The national survey of 1,209 Democratic voters gave the New York senator a 49 per cent to 42 per cent edge over Mr Obama. The poll, carried out between 14-18 March, has a 3 per cent margin of error.
Gallup said it was the first statistically
significant lead for Mrs Clinton since just after the Super Tuesday primaries in early February. The two candidates have largely been locked in a statistical tie since then, with Mr Obama last holding a lead over Clinton in a poll on 11-13 March.
New polling data also showed the Republican nominee John McCain leading Mrs Clinton by a slender 48 to 45 per cent margin, with the Illinois senator slightly further behind, at 47 per cent to 43 per cent.
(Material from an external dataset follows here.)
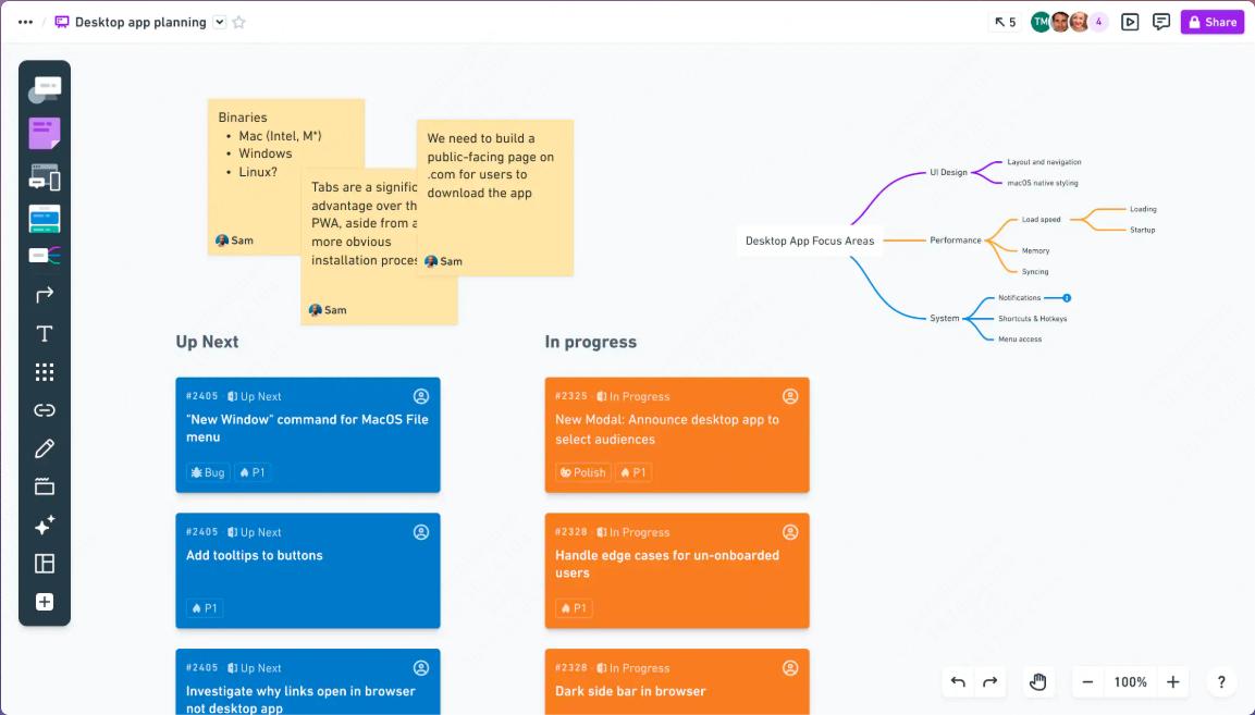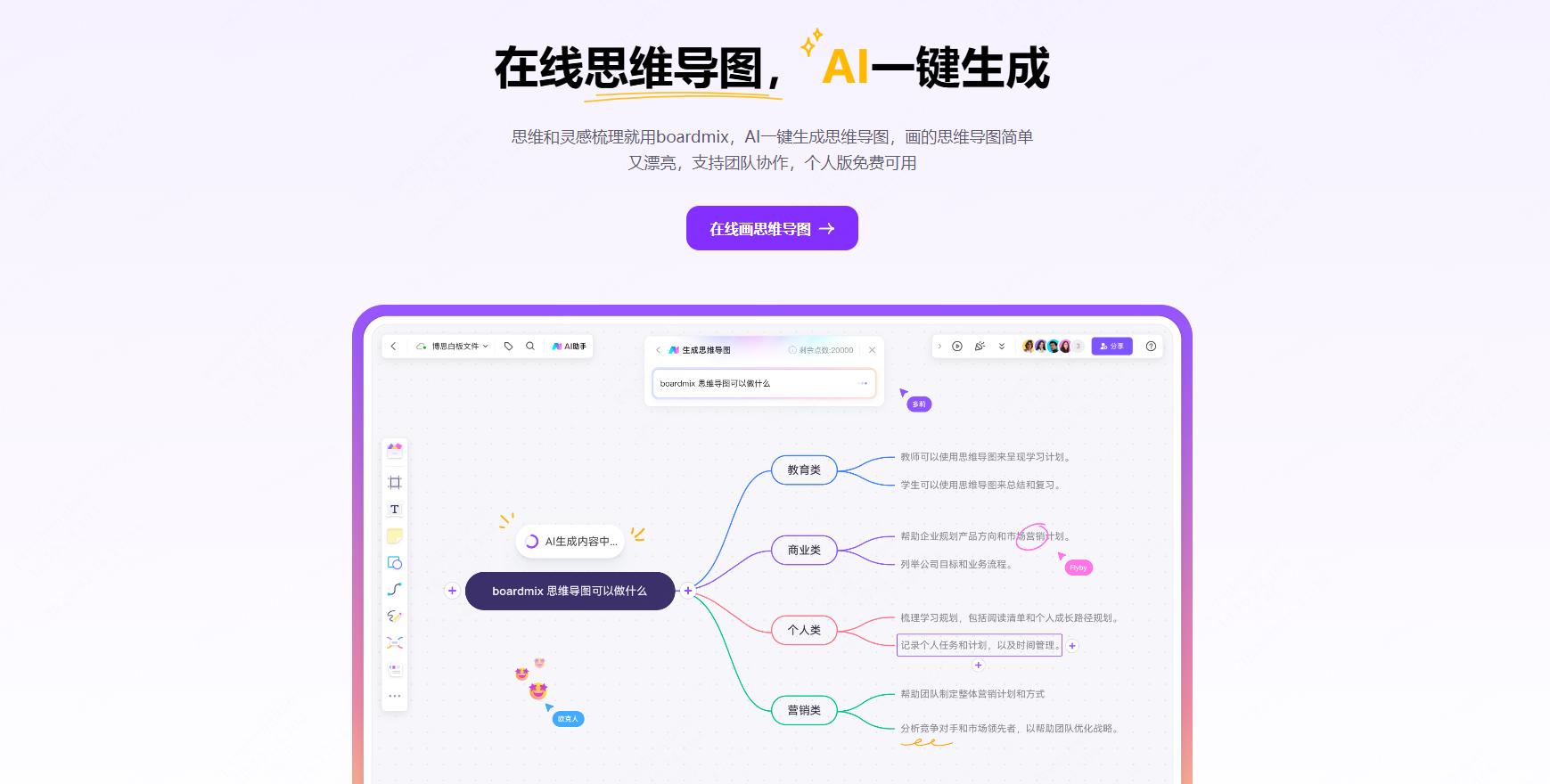 核心优势: 它拥有目前业内最丰富的第三方插件(如 Jira, Zoom, Slack 等),可以将思维导图节点直接转化为看板任务。它的画布流畅度极高,即便同时在线几百人也不会卡顿。AI 功能: 它的 AI 可以自动总结白板上的讨论便签,并将其分类转化为思维导图,效率惊人。推荐人群: 身处全球化大企业、需要进行复杂敏捷开发或大规模创意脑暴的团队。
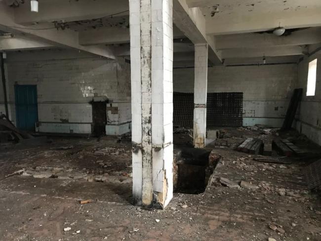 √πОбладнання і комунікації в цехах вирізані на металобрухт. Земля і старі приміщення. -

The two Democrats crossed swords on the fifth anniversary of the start of the Iraq war. Mr Obama, who opposed the invasion, said Mrs Clinton, who voted for it, could not be trusted to end the conflict. "Ask yourself," he told a campaign crowd, "who do you trust to end a war: someone who opposed the war from the beginning or someone who started opposing it when they started preparing a run for president?"
The Clinton campaign quickly fired back that the opposite was true.
"The reality is that Senator Obama took practically no action to end the war until he started his White House run, while Senator Clinton has been a consistent critic of Iraq for many years," a campaign spokesman said.